Robert Maas, http://tinyurl.com/uh3t seeWebInstead at rem.intarweb.org
Sun Mar 13 04:52:24 EDT 2011


> From: rantingrick <rantingr... at gmail.com>
> Anyone with half a brain understands the metric system is far
> superior (on many levels) then any of the other units of
> measurement.

Anyone with a *whole* brain can see that you are mistaken. The
current "metric" system has two serious flaws:

It's based on powers of ten rather than powers of two, creating a
disconnect between our communication with computers (in decimal)
and how computers deal with numbers internally (in binary). Hence
the confusion newbies have as to why if you type into the REP loop
 (+ 1.1 2.2 3.3)
you get out
 6.6000004

The fundamental units are absurd national history artifacts such as
the French "metre" stick when maintained at a particular
temperature, and the Grenwich Observatory "second" as 1/(24*60*60)
of the time it took the Earth to rotate once relative to a
line-of-sight to the Sun under some circumstance long ago.

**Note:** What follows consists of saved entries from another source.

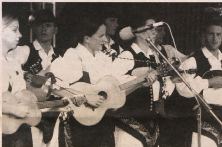
Hajdinjaki so prinesli pozdrave gradiščanskih Hrvatov
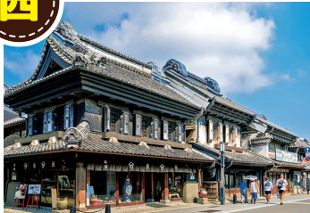
蔵造りの町並み(川越市)
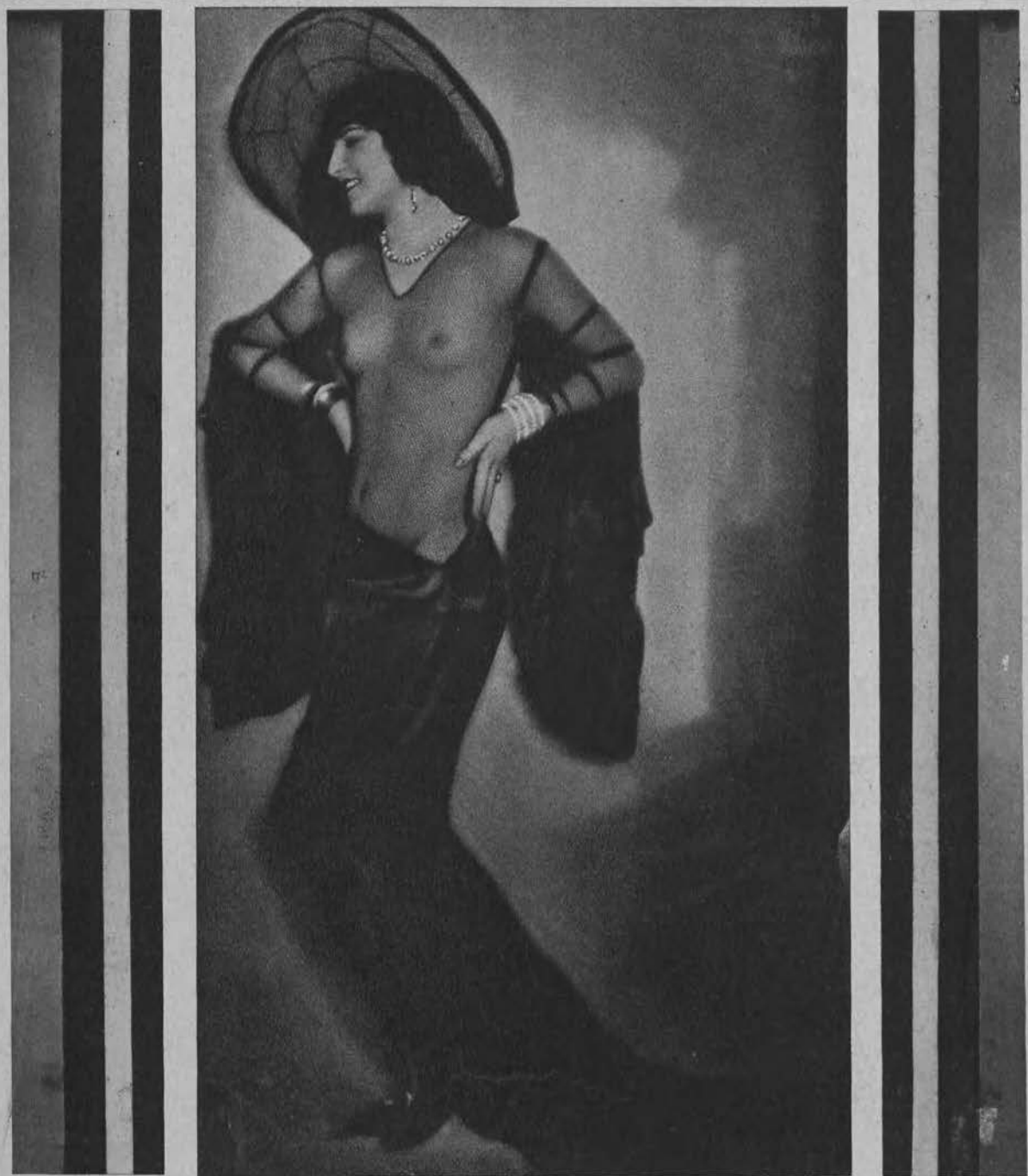
„Ekstrawagantka“. (Studjum fotograficzne).
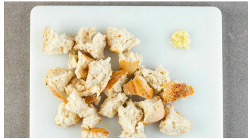
1. Brot vorbereiten

Energie 549kcal, Fett 39.9g, Kohlenhydrate 25.0g, Eiweiß 22.1g
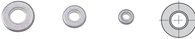
C-1029-WP-M8 C-1029-WP-M6 C-1029-WP-M3
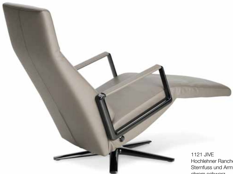
1121 JIVE Hochlehner Rancho lava, Sternfuss und Armteil chrom schwarz

And now these have been more precisely defined as *exactly* some
inscrutable multiples of the wavelength and time-period of some
particular emission from some particular isotope under certain
particular conditions:
http://en.wikipedia.org/wiki/Metre#Standard_wavelength_of_krypton-86_emission
 (that direct definition replaced by the following:)
http://en.wikipedia.org/wiki/Metre#Speed_of_light
"The metre is the length of the path travelled by light in vacuum
 during a time interval of ^1/[299,792,458] of a second."
http://en.wikipedia.org/wiki/Second#Modern_measurements
"the duration of 9,192,631,770 periods of the radiation corresponding to
 the transition between the two hyperfine levels of the ground state of
 the caesium-133 atom"
Exercise to the reader: Combine those nine-decimal-digit and
ten-decimal-digit numbers appropriately to express exactly how many
wavelengths of the hyperfine transition equals one meter.
Hint: You either multiply or divide, hence if you just guess you
have one chance out of 3 of being correct.